Levy, Sidney J. 1959. Symbols for Sale. Harvard Business Review 37, no. 4 July/August: 117-24.
Levy, Sidney J, and Dennis W. Rook. 1999. Brands, consumers, symbols, & research: Sidney J. Levy on marketing. Thousand Oaks, Calif: Sage Publications.
McCracken, Grant. 1988. Culture and Consumption: New Approaches to the Symbolism of Consumer Goods and Activities. Bloomington: Indiana University Press.
______ 2006a Culture and Consumption II: markets, meanings and brand management. Bloomington: Indiana University Press. (Due out Spring.)
_______ 2006b Flock and Flow: managing change in a dynamic marketplace. Bloomington: Indiana University Press. (Due out Fall.)
Prahalad, C. K, and Venkatram Ramaswamy. 2004. The future of competition: co-creating unique value with customers. Boston: Harvard Business School Press.

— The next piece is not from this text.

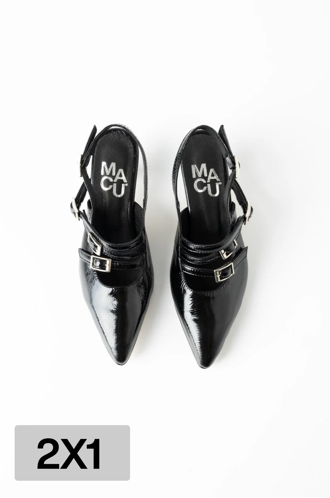 Zapatos de charol cuero con taco aguja, con taco de 3 cm de alto. Industria Argentina.
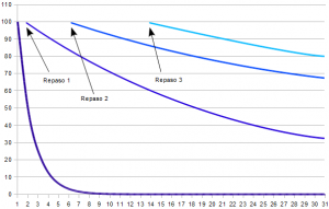 - Antes del Repaso número 3 han pasado ya dos semanas. Si no has repasado hasta entonces, apenas recordarás nada de lo estudiado. Si has repasado una sola vez (Repaso 1), es posible que llegues a recordar el 60% de los datos memorizados. Si además has repasado en una segunda ocasión (Repaso 2), recordarás entre un 80 y un 90%. Llegados a esa segunda semana desde que memorizaste la información, si vuelves a repasar en una tercera ocasión (Repaso 3), terminarás la sesión de repaso con el 100% de la información en memoria.

Roberts, Kevin. Lovemarks. a book and a blog here.
Evelyn Rodriguezs Crossroads blog here.
Surowiecki, James. 2004. The Decline of Brands. Wired. here.
Surowiecki, James. 2004. The Wisdom of Crowds. New York: Doubleday.
White, Irving S. 1959. The Functions of Advertising in Our Culture. Journal of Marketing, no. July: 8-14.
Zolli, Andrew. 2004. Rip. Mix. Brand. American Demographics. November, pp. 44-45.